Tuesday, January 06, 2015

Not quite the Harvard plan, but....

The NYT's Robert Pear reports that Harvard profs are up in arms because a small deductible and copays have been added to the university health plan, taking the actuarial value all the way down to... 91%.

Pear contrasts this to the 70% AV mandated for silver ACA plans, the "most popular" metal level. Which is fine, except...more than half of silver plan buyers qualify for Cost Sharing Reduction (CSR) at a level strong enough to take the AV up to 87% or 94%, depending on income level.

I have a post coming up on healthinsurance.org that teases out of enrollment stats published by New York State and HHS the likely percentages of ACA private plan buyers who access the higher levels of CSR, and the overall percentages of direct ACA beneficiaries who have obtained high-AV insurance.

The broader point: clunky or overly complex as the ACA's subsidy and means-tested benefit formulas may seem, they do work broadly to keep out-of-pocket costs relatively low for low-income beneficiaries.

Hope you'll tune in to the healthinsurance.org piece.

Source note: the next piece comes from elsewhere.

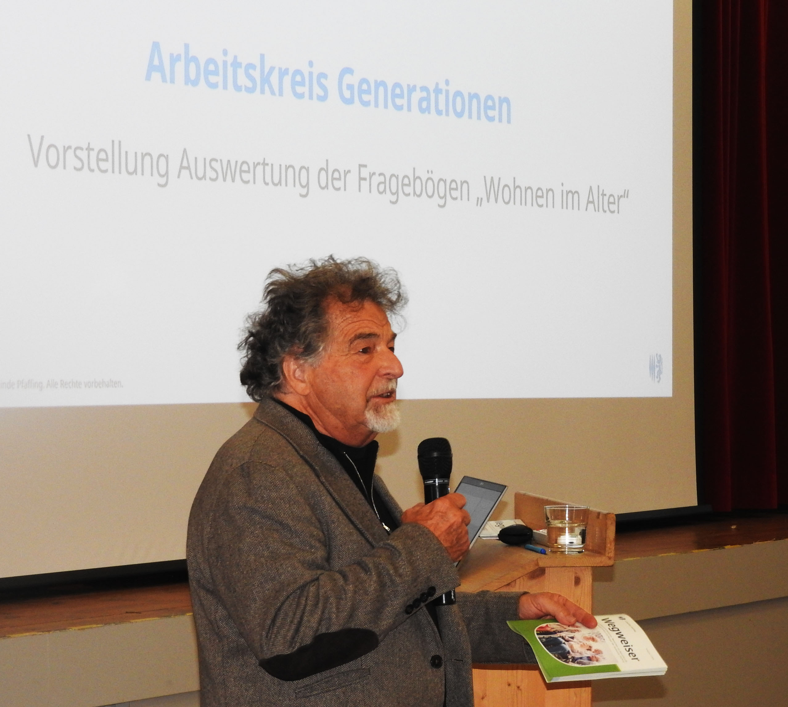 Dr. Höchstetter hält hier den aktualisierten „Wegweiser für Senioren und Menschen mit Behinderungen“ – und auch für alle Pfaffinger Bürger gedacht – in der Hand: Dieser ist in der Gemeinde Pfaffing neu erschienen und wurde bei der Versammlung von Bürgermeister Niedermeier kurz vorgestellt. Für alle lag das Heft schon mal zum Mitnehmen aus …

Update: The New York enrollment numbers also show that only 18% of silver plan buyers in the state had no CSR at all. I tend to discount the value of CSR to buyers with income between 200-250% FPL, for whom CSR boosts the silver plan AV to just 73%.  But it's really inaccurate to say that silver plans "typically" cover 70% of costs. That's probably true for less than a quarter of silver plan buyers.